«J'ai des excuses à vous faire, dit-il, pour le sans-façon avec lequel je me suis introduit chez vous. Il n'y avait pas à hésiter: un mandat d'arrêt a été lancé contre moi: demain on voudra le mettre à exécution, mais il sera trop tard. Tandis qu'on surveille la route et la station du chemin de fer à Maisons, je suis ici, et certes ce n'est pas chez M. de Francalin qu'on viendra chercher le mari de Mme Rose.»
Georges fit un mouvement.
«Cela vous étonne, ce que je dis là? reprit Olivier; mais c'est précisément parce que je sais, avec tout le monde, que vous aimez Mme Rose, que je me suis réfugié à la Maison-Blanche.
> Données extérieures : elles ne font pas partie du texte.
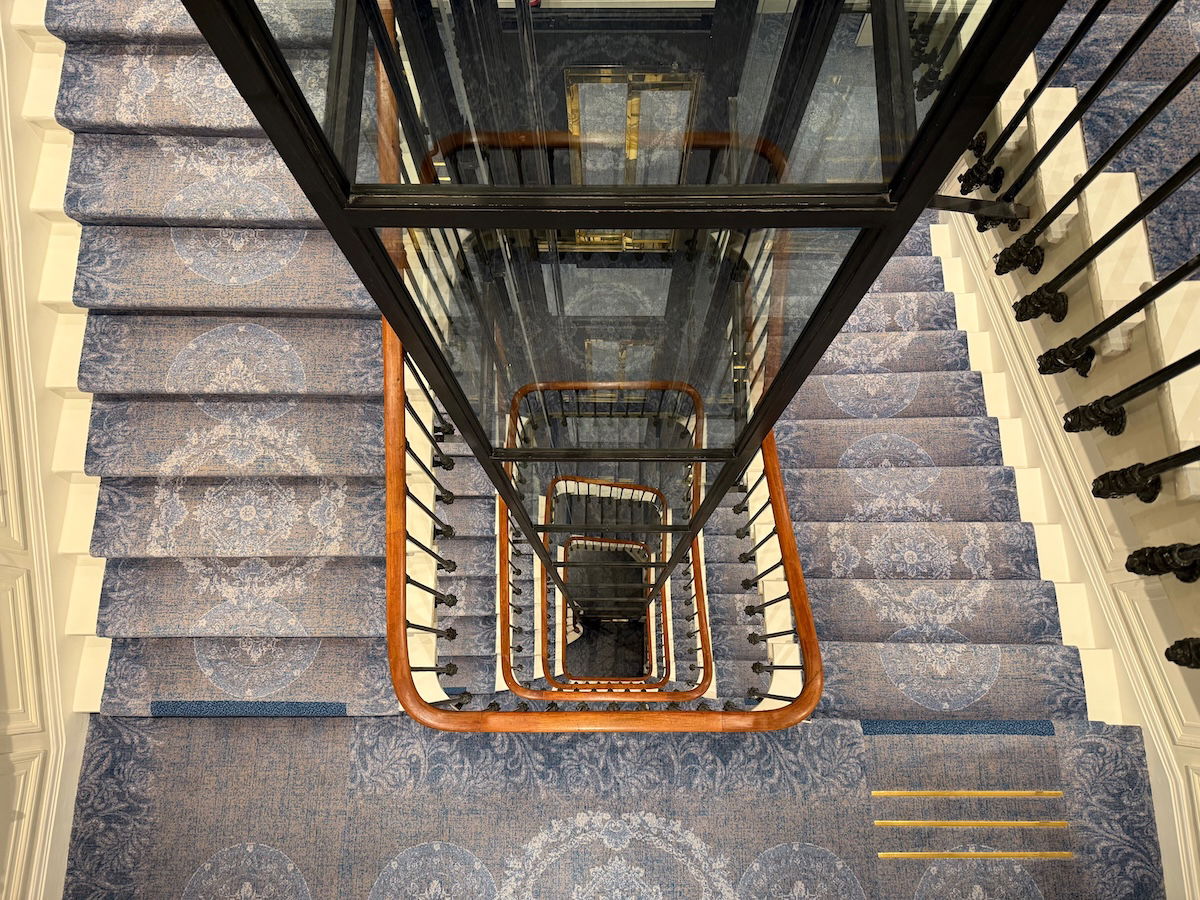 You definitely feel that sense of history in the building, from the old lobby columns, to the elevators, to the beautiful lobby bar. This is what old world Parisian hotels should be like.

Là seulement je n'ai rien à craindre.
—Mais, monsieur, s'écria Georges, parler de sentiments dont je ne vous dois pas l'aveu, c'est offenser celle de qui vous venez de prononcer le nom. Sachez que, si je les éprouve, mon respect les égale tout au moins.
—Qu'est-ce? répliqua M. de Réthel avec un air de hauteur. Me feriez-vous gratuitement cette insulte de supposer que je serais dans cette maison, si j'avais eu la sottise ou la lâcheté de soupçonner Mme de Réthel un instant? Ah! monsieur, vous ne le pensiez pas!... Je vous estime parce que Mme de Réthel vous aime.»
Ce dernier mot laissa M. de Francalin sans réponse.
«Oui, monsieur, poursuivit Olivier, cela m'a donné de votre caractère une opinion que vous méritez certainement. Si vous pouviez apprécier comme moi ce que vaut Mme de Réthel, vous me comprendriez.»
Un coup de vent ébranla les volets, et la pluie frappa les vitres à flots. M. de Réthel se mit à rire.
«Je plains les pauvres diables qui sont à m'attendre sur la route, dit-il. Les niais ont cru que le coup était pour demain. Ils ne savent pas leur métier. Quand ils verront que rien ne bouge, ils se tiendront tranquilles, et l'émeute fera explosion. Priez Dieu seulement que nous ne réussissions pas!»
Georges regarda M. de Réthel avec étonnement.